Alongside its signature collection operation, the Fairness Project distributes money to local grassroots organizers, helps those groups build their digital operations, and otherwise guides local leaders through the election.
Like all things in politics, the Fairness Project’s success has been expensive, and the organization has raised tens of millions of dollars to power its campaigns.
Much of its cash comes from the SEIU-UHW and other unions, but big foundations and wealthy individuals quickly started pitching in, as well. The group has received cash from the Black Progressive Action Coalition, Dr. Bronner’s (yes, the soap company), and Sixteen Thirty Fund, a liberal dark money group that spent more than $140 million during the 2018 midterms.
The organization has a growing small-donor network, but Trossman says much of the group’s funding still comes from big-money political players.
Watering the grassroots and riding the wave
The Fairness Project’s ability to raise and spend money has been vital, but the true path to the group’s 90-plus percent victory rate comes in strategy.
Rather than parachuting in with the help of state lobbyists and big law firms, the Fairness Project dedicates itself to finding and supporting local organizers capable of a sustained, year-long campaign. One of Trossman and Regan’s early lessons was that they couldn’t “bigfoot” local groups, as Trossman put it.
“Doing it that way, you’d have to put together such a huge org it would be impossible to get off the ground,” Trossman told Blue Tent.
In Idaho, the group rode to victory on the backs of Luke Mayville and organizers in his Reclaim Idaho group, who built connections with working people across the state to pass Medicaid expansion, which had been blockaded by a Republican-dominated legislature.
It helps that organizers like Mayville are pushing for clear, straightforward policies that benefit a wide array of people. Oftentimes, these widely popular measures have been blocked by Republican legislatures or governors. But even with sustained counter-messaging, a fair majority of voters tend instinctively to favor cheaper healthcare and bigger paychecks for themselves and their neighbors.
The Fairness Project similarly benefits from non-association with a singular candidate or political party, blurring partisan lines for some voters. In Missouri, for instance, while Democratic Sen. Claire McCaskill was soundly defeated by her Republican challenger in 2018, a ballot measure to repeal the state’s right-to-work law won by more than 30 points.
And then, of course, there’s President Donald Trump. It’s impossible to discuss any big victories for the left in the last four years without mentioning the soon-to-be former president, who inspired a vicious backlash powering progressive wins in federal, state and local elections. The “blue wave,” which crashed a bit in 2020, no doubt caught the Fairness Project’s many ballot initiatives in its wake, padding liberal turnout in dozens of elections since 2016.

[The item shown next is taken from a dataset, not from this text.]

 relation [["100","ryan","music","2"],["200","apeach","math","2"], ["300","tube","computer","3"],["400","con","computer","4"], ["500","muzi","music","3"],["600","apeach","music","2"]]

Challenges ahead, good and bad
But winning elections is only part of the equation — and one that may become more complicated down the road. In Alaska, where a state ballot measure to expand Medicaid passed, the governor and legislature have gone to work attacking the new policy (likewise in Idaho and Utah), while politicians in Florida tried both to raise the required majority for a measure to pass (from 60% to two-thirds) and sponsored a ballot initiative of their own to require future referenda to pass in two separate elections in order to take effect.
The Florida effort failed, but anti-worker and anti-democratic forces could likewise start using ballot measures—like California's Prop 22—to fight fire with fire.

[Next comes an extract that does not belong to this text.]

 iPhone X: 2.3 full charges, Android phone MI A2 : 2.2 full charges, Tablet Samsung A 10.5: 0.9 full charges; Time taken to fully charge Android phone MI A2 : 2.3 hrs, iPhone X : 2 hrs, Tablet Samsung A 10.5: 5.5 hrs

These future challenges aside, the Fairness Project has reason to be optimistic, with big plans for the future.
Along with ambitions to further their current successes in winning Medicaid expansion, paid leave and higher wages, the Fairness Project has been in talks with officials in cities like Minneapolis about police reform measures. They’re in the early stages, but with massive protests and a willing city council, it’s not a campaign the Fairness Project could easily dismiss.